• **Your task**: Retype the listing below exactly, pictures removed.

• **Supplied data**:
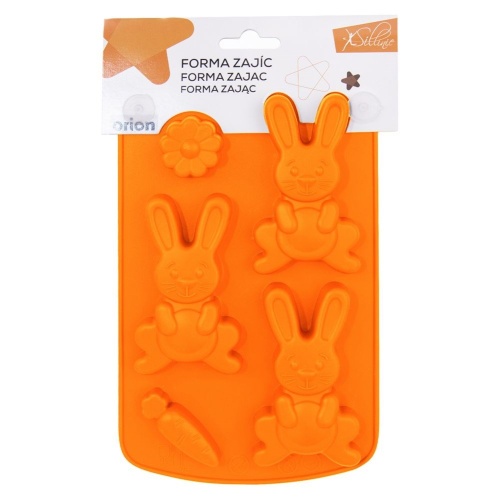 A silicone mold that allows you to prepare 5 pralines. Ideally suited to the Easter, because we will create sweets in the shape of an Easter hare. We can prepare pralines, chocolates as well as cakes. The mold does not absorb smells and flavors. The dough does not stick, it is perfectly pulled out. No fat or flour is used for baking. The silicone form is light, flexible, takes up little space and is resistant to temperature changes. It conducts heat very well.Original product of the Czech brand ORION.Manufactured in accordance with European standards.
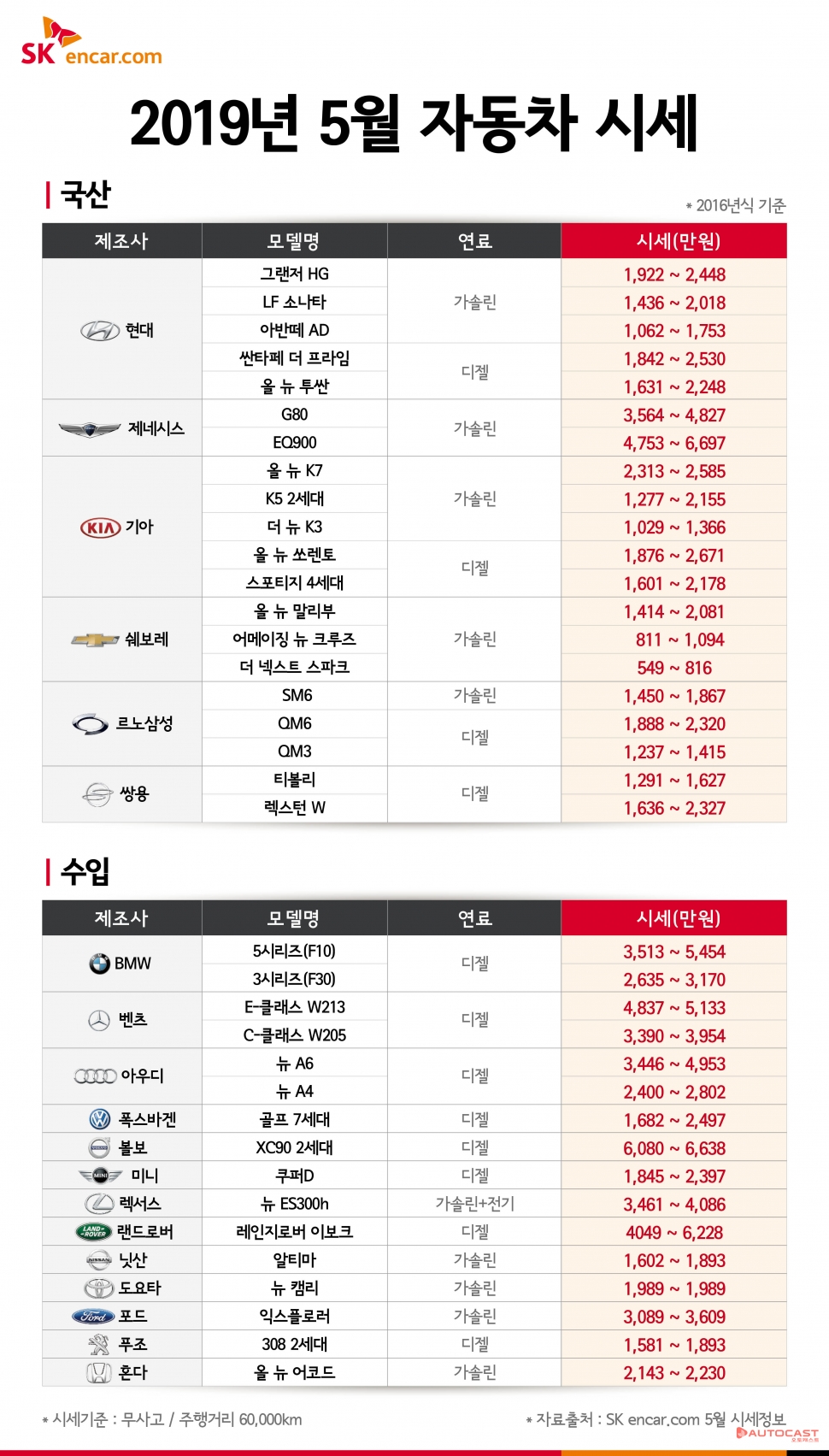 SK엔카닷컴의 5월 첫 주 자동차 시세에 따르면 주요 인기 차량 가격의 전월 대비 평균 약 1.37% 상승했다. 특히 SUV의 시세 상승이 두드러졌다.
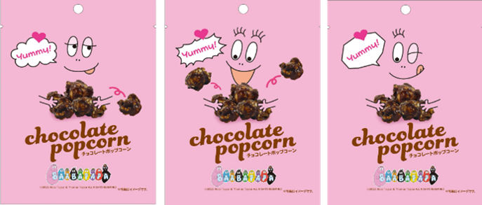 「チョコレートポップコーン」はチョコレート蜜の甘さとポップコーンの塩気があとを引く、手が止まらなくなる味わいです。「バーバパパ」の表情豊かなパッケージとなっており、3種類の中からお好みに合わせて選ぶことができます。
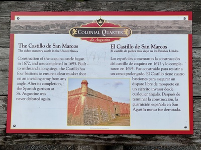 Information panel on the Castillo de San Marcos, describing its construction and historical significance as the oldest masonry fort in the United States.
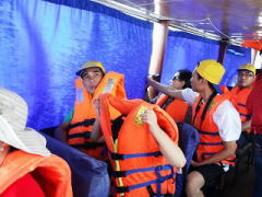 ★乗客はオレンジ色のライフジャケットを付けていざ出発です
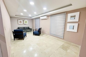 RENTA de hermoso apartamento en La Esperilla Características 2 habitaciones 2.5 baños Sala Comedor Cocina Cerrada Balcón Área de lavado Cuarto de servicio 2 parqueos lineales Características de la Torre: Lobby amueblado y climatizado 4 Ascensores Gimnasio Salón multiuso Área de Niños Planta Eléctrica Full Gas común Intercom Portero Portón eléctrico Seguridad 24 Horas Precio de Alquiler: US$ 1,300 (Mantenimiento incluido) Informacion Aracelis Alvarado
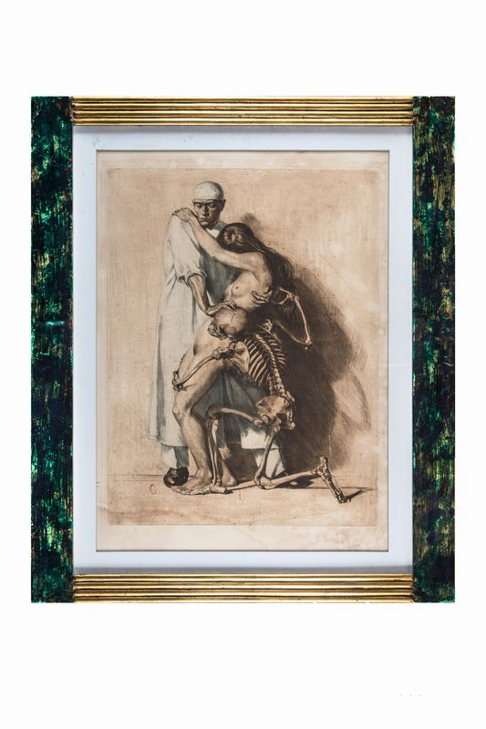 Acquaforte e vernice molle a colori. mm 735x538. Foglio: mm 940x700. Firmata a matita in basso a destra. Si tratta della versione più grande e più bella del famoso soggetto eseguito dall'artista all'indomani della perdita della sorella che invano il medico riuscì a strappare alla morte.

• **Response to the task**:
 A silicone mold that allows you to prepare 5 pralines. Ideally suited to the Easter, because we will create sweets in the shape of an Easter hare. We can prepare pralines, chocolates as well as cakes. The mold does not absorb smells and flavors. The dough does not stick, it is perfectly pulled out. No fat or flour is used for baking. The silicone form is light, flexible, takes up little space and is resistant to temperature changes. It conducts heat very well.Original product of the Czech brand ORION.Manufactured in accordance with European standards.
 SK엔카닷컴의 5월 첫 주 자동차 시세에 따르면 주요 인기 차량 가격의 전월 대비 평균 약 1.37% 상승했다. 특히 SUV의 시세 상승이 두드러졌다.
 「チョコレートポップコーン」はチョコレート蜜の甘さとポップコーンの塩気があとを引く、手が止まらなくなる味わいです。「バーバパパ」の表情豊かなパッケージとなっており、3種類の中からお好みに合わせて選ぶことができます。
 Information panel on the Castillo de San Marcos, describing its construction and historical significance as the oldest masonry fort in the United States.
 ★乗客はオレンジ色のライフジャケットを付けていざ出発です
 RENTA de hermoso apartamento en La Esperilla Características 2 habitaciones 2.5 baños Sala Comedor Cocina Cerrada Balcón Área de lavado Cuarto de servicio 2 parqueos lineales Características de la Torre: Lobby amueblado y climatizado 4 Ascensores Gimnasio Salón multiuso Área de Niños Planta Eléctrica Full Gas común Intercom Portero Portón eléctrico Seguridad 24 Horas Precio de Alquiler: US$ 1,300 (Mantenimiento incluido) Informacion Aracelis Alvarado
 Acquaforte e vernice molle a colori. mm 735x538. Foglio: mm 940x700. Firmata a matita in basso a destra. Si tratta della versione più grande e più bella del famoso soggetto eseguito dall'artista all'indomani della perdita della sorella che invano il medico riuscì a strappare alla morte.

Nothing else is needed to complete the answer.